§ Task details:
Nothing but the lines from the one holding "2TCU304 ملعقة قهوة" to the final line of the listing below, both included, should be repeated, and each must match exactly. Omit pictures.

§ Data to examine:
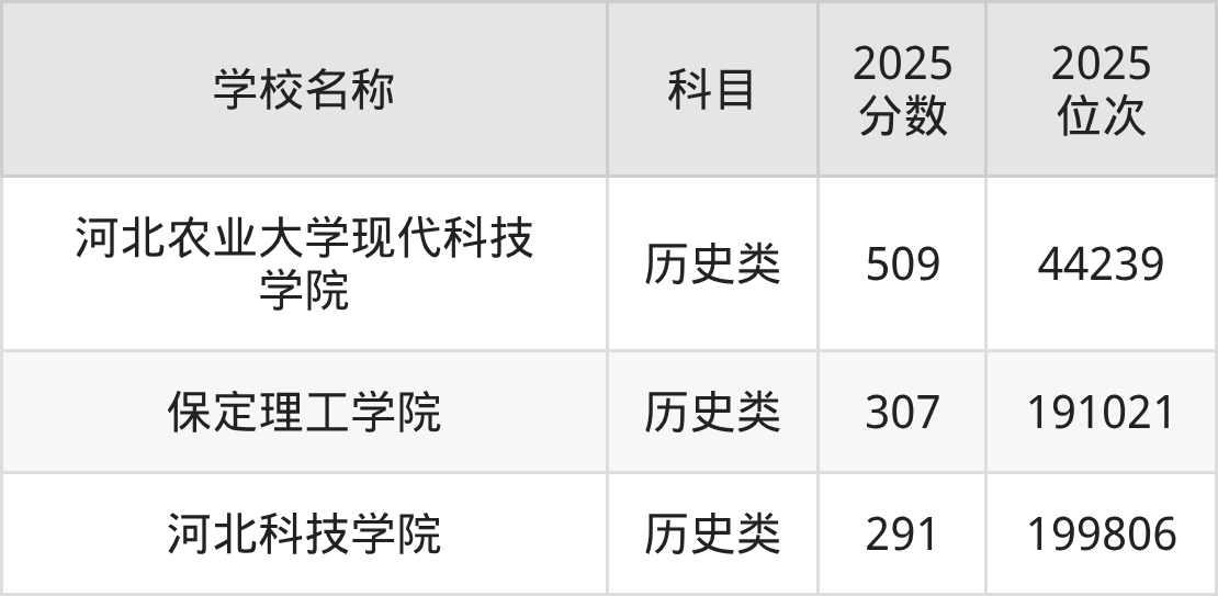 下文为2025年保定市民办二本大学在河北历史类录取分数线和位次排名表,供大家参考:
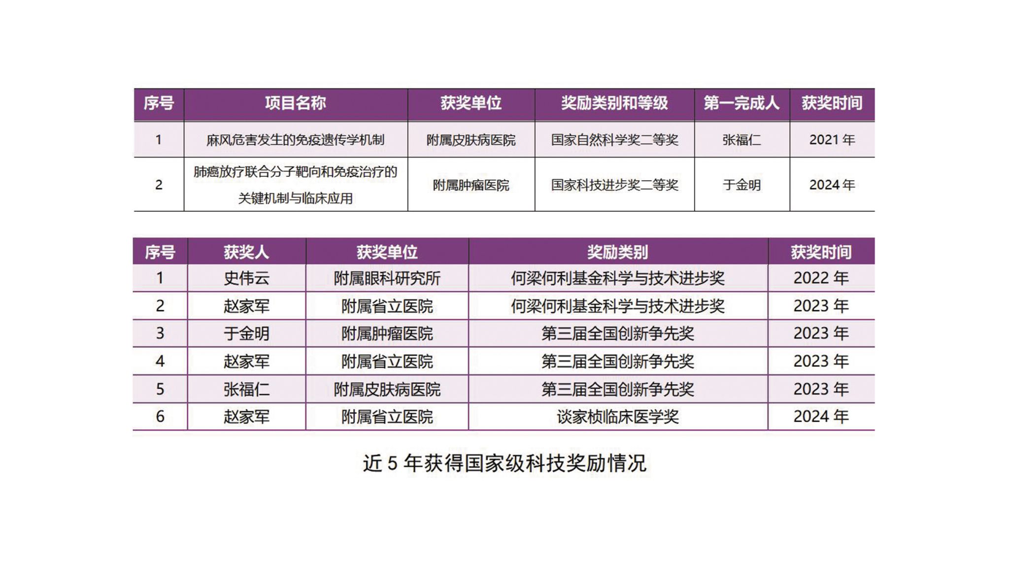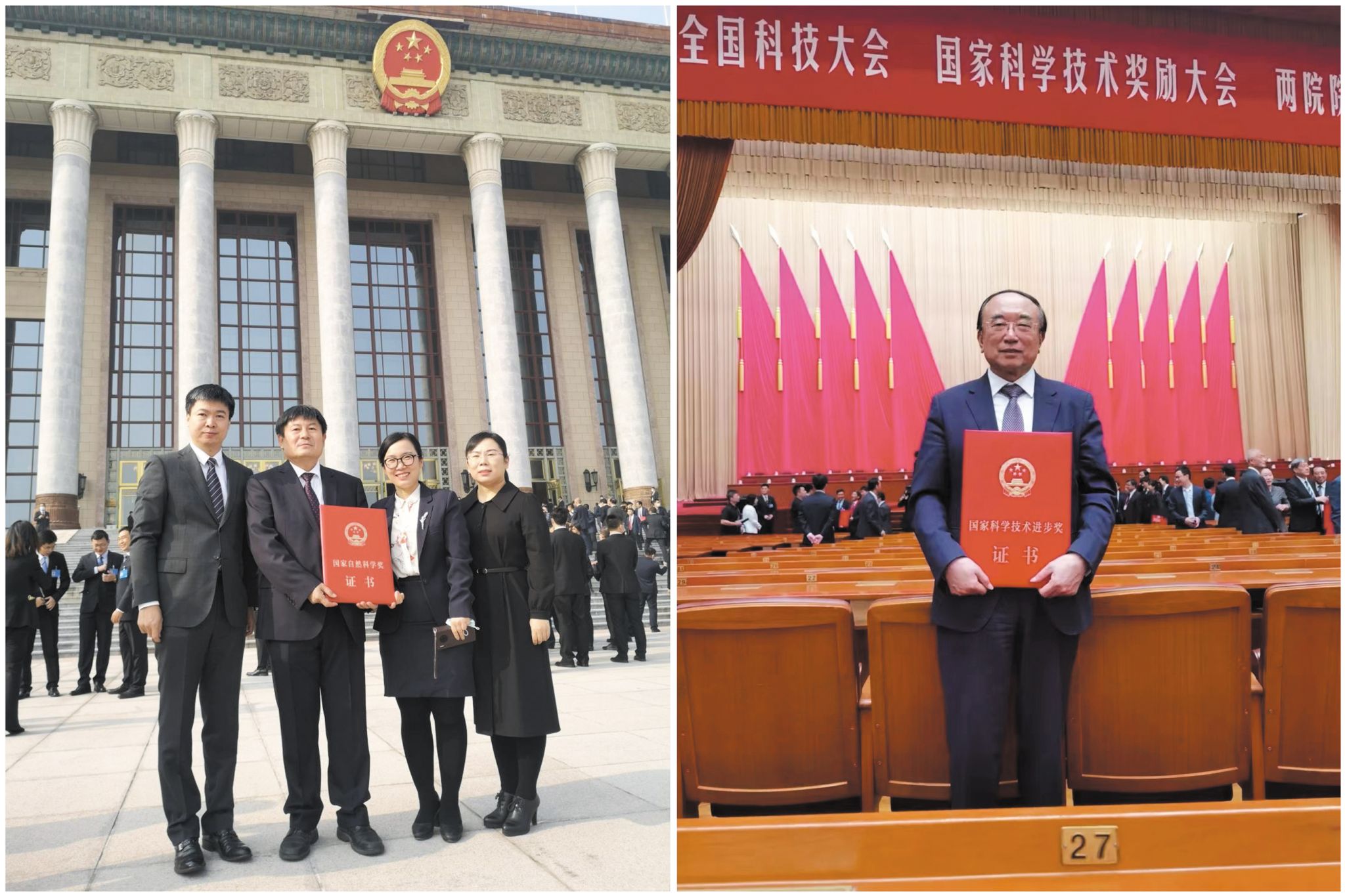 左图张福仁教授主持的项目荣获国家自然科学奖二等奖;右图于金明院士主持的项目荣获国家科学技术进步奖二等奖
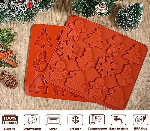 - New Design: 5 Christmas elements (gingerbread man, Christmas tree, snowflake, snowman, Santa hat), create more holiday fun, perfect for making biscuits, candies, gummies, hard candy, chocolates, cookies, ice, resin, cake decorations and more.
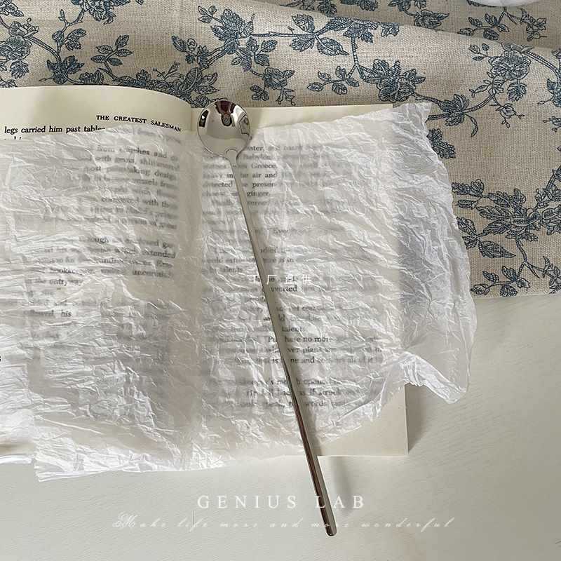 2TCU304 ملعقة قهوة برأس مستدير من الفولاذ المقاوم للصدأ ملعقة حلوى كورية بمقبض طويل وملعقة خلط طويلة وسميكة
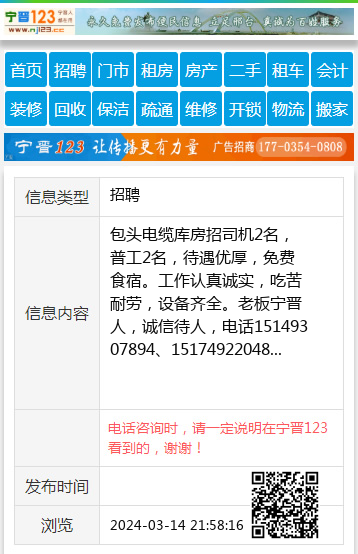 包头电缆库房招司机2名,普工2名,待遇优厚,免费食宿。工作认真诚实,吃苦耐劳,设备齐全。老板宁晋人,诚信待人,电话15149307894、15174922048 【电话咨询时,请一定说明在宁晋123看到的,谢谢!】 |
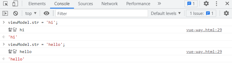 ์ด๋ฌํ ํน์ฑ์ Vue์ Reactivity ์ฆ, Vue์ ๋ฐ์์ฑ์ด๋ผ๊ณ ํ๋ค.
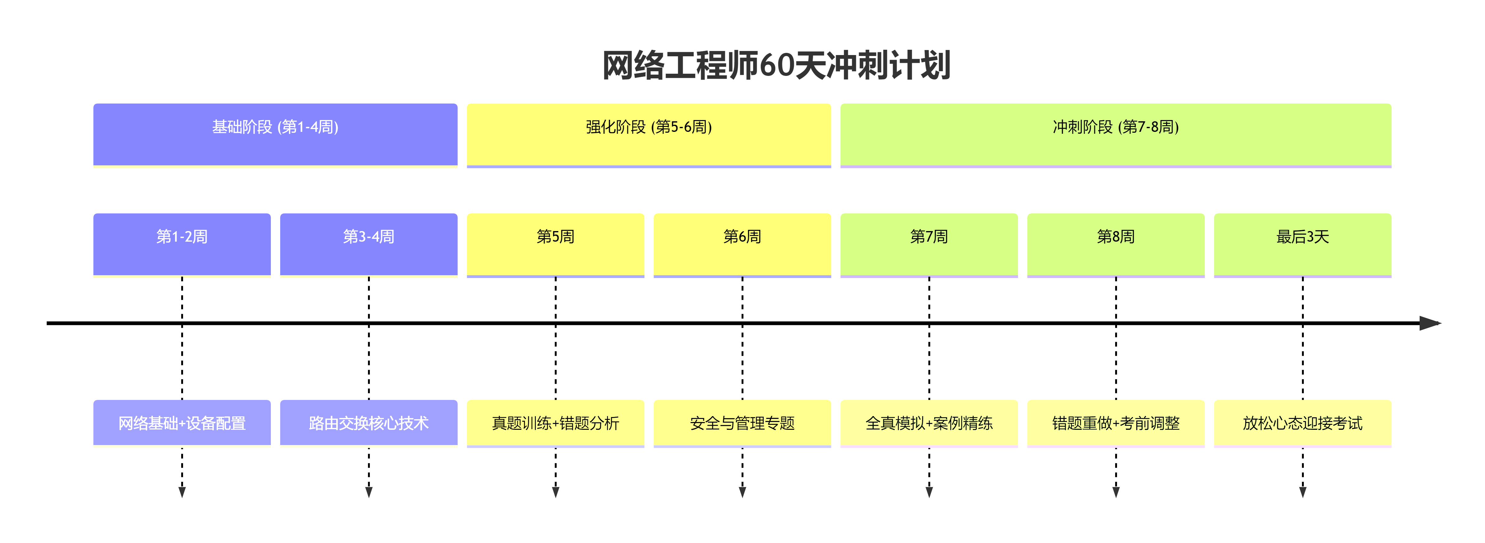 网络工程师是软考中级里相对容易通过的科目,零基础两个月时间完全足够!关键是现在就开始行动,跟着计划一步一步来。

§ Response:
 2TCU304 ملعقة قهوة برأس مستدير من الفولاذ المقاوم للصدأ ملعقة حلوى كورية بمقبض طويل وملعقة خلط طويلة وسميكة
 包头电缆库房招司机2名,普工2名,待遇优厚,免费食宿。工作认真诚实,吃苦耐劳,设备齐全。老板宁晋人,诚信待人,电话15149307894、15174922048 【电话咨询时,请一定说明在宁晋123看到的,谢谢!】 |
 ์ด๋ฌํ ํน์ฑ์ Vue์ Reactivity ์ฆ, Vue์ ๋ฐ์์ฑ์ด๋ผ๊ณ ํ๋ค.
 网络工程师是软考中级里相对容易通过的科目,零基础两个月时间完全足够!关键是现在就开始行动,跟着计划一步一步来。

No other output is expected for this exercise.